Consider $$A=\frac{\Gamma\left(\frac{v+1}{2}\right)}{\Gamma\left(\frac{v}{2}\right)}$$ and take logarithms $$\log(A)=\log\left(\Gamma\left(\frac{v+1}{2}\right)\right)-\log\left(\Gamma\left(\frac{v}{2}\right)\right)$$ and consider Stirling expansion for large values of $x$ $$\log \left(\Gamma(x)\right)=x (\log (x)-1)+\frac{1}{2} \left(\log \left(\frac{1}{x}\right)+\log (2 \pi )\right)+\frac{1}{12 x}-\frac{1}{360 x^3}+\frac{1}{1260 x^5}+O\left(\frac{1}{x^{13/2}}\right)$$ So, applying this to the two different arguments, we have $$\log\left(\Gamma\left(\frac{v+1}{2}\right)\right)=\frac{1}{2} v (\log (v)-1-\log (2))+\frac{1}{2} \log (2 \pi )-\frac{1}{12 v}+\frac{7}{360 v^3}-\frac{31}{1260 v^5}+O\left(\frac{1}{v^{13/2}}\right)$$

$$\log\left(\Gamma\left(\frac{v}{2}\right)\right)=\frac{1}{2} v (\log (v)-1-\log (2))+\left(\frac{1}{2} \log \left(\frac{1}{v}\right)+\log \left(2 \sqrt{\pi }\right)\right)+\frac{1}{6 v}-\frac{1}{45 v^3}+\frac{8}{315 v^5}+O\left(\frac{1}{x^{13/2}}\right)$$ All of that leads to $$\log(A)=-\frac{1}{2} \log \left(\frac{2}{v}\right)-\frac{1}{4 v}+\frac{1}{24 v^3}-\frac{1}{20 v^5}+O\left(\frac{1}{v^{13/2}}\right)$$ Now, using $A=e^{\log(A)}$ and Taylor series again $$A=\frac{\sqrt{v}}{\sqrt{2}}-\frac{\left(\frac{1}{v}\right)^{1/2}}{4 \sqrt{2}}+\frac{\left(\frac{1}{v}\right)^{3/2}}{32 \sqrt{2}}+\frac{5 \left(\frac{1}{v}\right)^{5/2}}{128 \sqrt{2}}-\frac{21 \left(\frac{1}{v}\right)^{7/2}}{2048 \sqrt{2}}-\frac{399 \left(\frac{1}{v}\right)^{9/2}}{8192 \sqrt{2}}+\frac{869 \left(\frac{1}{v}\right)^{11/2}}{65536 \sqrt{2}}+O\left(\frac{1}{v^6}\right)$$

For the coefficients, you could find them in sequences $A143503$ and $A12854$ in $OEIS$.

Answer 3

Here is a method to obtain the full series of $\Gamma(a)/\Gamma(a+b)$, for large $a$, for any $b>0$ (one can then use recursion relations to access other values of $b$, for example).
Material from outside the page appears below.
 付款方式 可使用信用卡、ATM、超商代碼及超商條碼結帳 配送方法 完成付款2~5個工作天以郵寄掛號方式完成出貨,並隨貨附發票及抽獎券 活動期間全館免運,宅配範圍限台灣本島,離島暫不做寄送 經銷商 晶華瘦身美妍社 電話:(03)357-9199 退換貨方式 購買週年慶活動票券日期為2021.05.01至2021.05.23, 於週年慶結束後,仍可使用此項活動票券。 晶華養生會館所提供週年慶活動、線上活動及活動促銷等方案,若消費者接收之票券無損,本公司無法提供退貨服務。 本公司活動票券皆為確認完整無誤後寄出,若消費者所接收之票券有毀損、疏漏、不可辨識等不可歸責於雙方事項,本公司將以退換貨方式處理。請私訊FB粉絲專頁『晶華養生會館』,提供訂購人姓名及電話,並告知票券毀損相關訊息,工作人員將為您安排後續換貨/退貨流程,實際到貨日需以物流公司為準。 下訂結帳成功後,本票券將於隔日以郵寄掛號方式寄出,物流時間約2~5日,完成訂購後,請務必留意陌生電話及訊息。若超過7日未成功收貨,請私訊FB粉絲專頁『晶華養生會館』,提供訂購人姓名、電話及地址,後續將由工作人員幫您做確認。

We have $$ \frac{\Gamma(a)\Gamma(b)}{\Gamma(a+b)} = B(a,b) = \int_0^1 x^{a-1} (1-x)^{b-1} \, dx, $$ where $B$ is the beta function, and is defined by the right-hand side. Therefore if we can find the series for the right-hand side, we can just divide by $\Gamma(b)$ to get the series we want. Putting $x=e^{-y}$, this becomes $$ \frac{\Gamma(a)}{\Gamma(a+b)} = \frac{1}{\Gamma(b)}\int_0^{\infty} e^{-ay} (1-e^{-y})^{b-1} \, dx. $$ This integral is now in the form on which we can use Watson's lemma; the art is in obtaining the series for $(1-e^{-y})^{b-1}$. To find the first few terms, we can write $ 1-e^{-y}=y-y^2/2+\dotsb $ and use the binomial theorem, which tells us instantly that the leading order term is $$\frac{1}{\Gamma(b)}\int_0^{\infty} y^{b-1} e^{-ay} \, dy = a^{-b}. $$ I don't think there is an easy way to obtain the rest of the series for $(1-e^{-y})^{b-1}$ when $b$ is not an integer, but it will be of the form $ \sum_{n=0}^{\infty} c_n y^{b+n-1} $, with $c_0=1$, and then Watson's lemma gives $$ \frac{\Gamma(a)}{\Gamma(a+b)} \sim \sum_{n=0}^{\infty} c_n \frac{\Gamma(b+n)}{\Gamma(b)} a^{-b-n}. $$